IntenseDebate offers integration with Akismet for spam filtering. The option is available on the account dashboard.
IntenseDebate Akismet support

Data Access

There are 2 updates related to the data access in IntenseDebate:

  1. IntenseDebate offers through the account dashboard an export to XML function
  2. IntenseDebate is currently working on an API. It wasn’t yet launched and I haven’t had the chance to check it yet. I am in contact with their support team and hope to have a more detailed update on this topic.

IntenseDebate Matrix

Comment Threading: Y
Anonymous Comments: Y
Bookmarkability Y
Comment ranking Y
Comment ranking functionality Y
Rich format comments Y
Spam filtering: Custom + Akismet
Comment Moderation: Y
(web + email)
Search Engine Friendliness Y (for platforms support by the plugin)/N for custom web sites
HTML/CSS Customization Y
Widget (JS API): Y
Programming API: private (work in progress)
Data export Export as XML
Costs Free
Documentation
Support
GetSatisfaction

With these updates, it looks like the only missing piece from the IntenseDebate offering is the lack of an off-the-shelf SEO friendliness feature. Moreover, this missing feature applies only for custom web sites that are not able to use the IntenseDebate integration plugins.

JS-Kit updates

Model/Costs

While, at the time of my initial comparison, the JS-Kit FREE version was available for 25k pageviews, JS-Kit has pushed a major update and now JS-Kit FREE applies for 5mil pageviews. This is imo a major change in their offering, one that makes me feel that JS-Kit wins its place in my top.

Picture 2.png

Data access

In my initial matrices, JS-Kit is missing both a Programming API and Data Export functionality. Well, I have some good news about these: JS-Kit folks are working on a public API and I hope to get access to it very soon and add more details. Also, JS-Kit offers access to all the comments through RSS. While, this is not optimal, your comments are not completely locked-in and so JS-Kit cannot score 0 anymore.

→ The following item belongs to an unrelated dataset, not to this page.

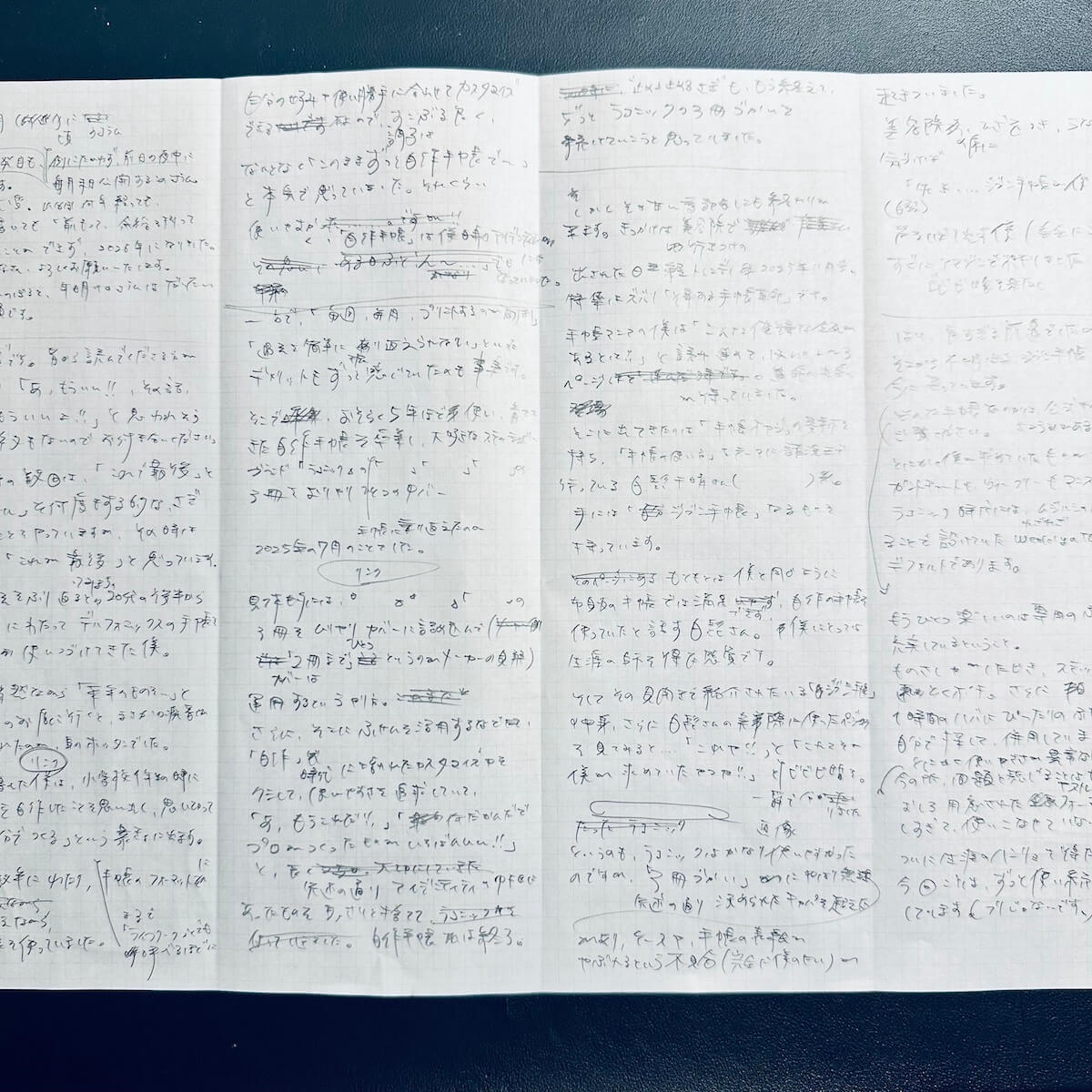 ちなみに割と驚かれるのですが、毎月10〜20本近く書いている仕事の原稿も、ほとんどが手書き。出来上がった後、お客さんに納品するために、最後にササ〜っとワードなどに書くカタチで進めています。

Search Engine Friendliness

In the previous post, I’ve been complaining about the fact that I wasn’t able to search the JS-Kit forum for more details. It looks like I was a bit wrong and the forum search functionality is in fact available, but a bit hidden under the Control link:

Picture 4.png

The guys from JS-Kit have promised to improve the widget UI so that the search functionality to become more visible and easily to access.

Also, having in mind the SEO solution created by JS-Kit (and then re-used by other commenting services), search engines should be able to correctly index the comment threads.

JS-Kit Matrix

Comment Threading: Y
Anonymous Comments: Y
Bookmarkability N
Comment ranking Y
Comment ranking functionality Y
Rich format comments Y
Spam filtering: Custom + Akismet
Comment Moderation: Y
(web + email)
Search Engine Friendliness Y (for platforms support by the plugin)/N for custom web sites
HTML/CSS Customization Y
Widget (JS API): Y
Programming API: private (work in progress)
Data export RSS
Costs Freemium model (see JS-Kit pricing for more details)
Documentation
Support
Q&A Forum, on site documentation, PDF

Conclusion

Based on the new information, I’d say that the top has changed a bit and without further ado, here is the new ranking:

Blog

  1. Winner: JS-Kit
  2. Runner-up: IntenseDebate

Site

  1. Winner: Disqus
  2. Runner-up: IntenseDebate and JS-Kit

More JS-Kit Features

I have received a ton of information on JS-Kit features, so I’m sharing here with you. If guys from Disqus and IntenseDebate are willing to share their complete feature list, I’d be glad to publish it.

User Related Features: JS-Kit Additions

  • Ability to get replies to comments via email. Ability to respond with email. Response automatically inserted into the comment thread.
  • Private messaging between commentors.
  • Ability to embed and play YouTube videos within comments. (configurable through the JS-Kit admin interface)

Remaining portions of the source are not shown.